Involvement of Hepatocyte Nuclear Factor 3 in Endoderm Differentiation of Embryonic Stem Cells

Abstract

The transcription factors of the hepatocyte nuclear factor 3 (HNF3) family, which are active in the liver, are expressed early during endoderm differentiation. To study their involvement in early murine development, we examined their role in embryonic stem (ES) cells. HNF3α or HNF3β mRNA transcripts were not detected in ES cells before differentiation, and only low levels of HNF3β mRNA were detected at a late stage of differentiation of ES cells to embryoid bodies (EB) (20 days after induction of differentiation). To examine the consequences of overexpressing HNF3α or -β in ES cells, we transfected the two genes into these cells and determined the levels of expression of tissue-specific genes during EB differentiation. Specifically, we examined expression of albumin, cystic fibrosis transmembrane conductance regulator (CFTR), phosphoenolpyruvate carboxykinase (PEPCK), α1-antitrypsin, transthyretin, ζ-globin, and neurofilament 68kd as markers for different cell lineages.
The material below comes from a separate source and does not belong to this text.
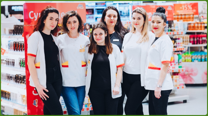 На македонскиот пазар dm drogerie markt се издвојува од конкуренцијата на повеќе начини и ја задржува улогата на посакуван работодавач. Потврда за ова се низа придобивки за вработените, меѓу кои се и личниот и професионален развој, 14 атрактивни плати во текот на годината, проширените здравствени систематски прегледи, ваучерите за приватни здравствени прегледи, бесплатните курсеви по германски јазик, како и редовните обуки и семинари достапни во текот на целата година.

Overexpression of HNF3β (and to a lesser extent of HNF3α) induced the expression of genes associated with endodermal lineage, namely, the genes for CFTR and albumin, but did not induce the expression of genes involved in late endoderm differentiation, such as the genes for PEPCK and α1-antitrypsin. Moreover, expression of HNF1β was highly induced in HNF3-overexpressing cells, while expression of HNF1α and HNF4 was only mildly induced in these cells. Therefore, HNF3α and -β seem to be involved in early endoderm differentiation of ES cells and together with other developmental factors are apparently needed for the induction of the endodermal lineage in vivo.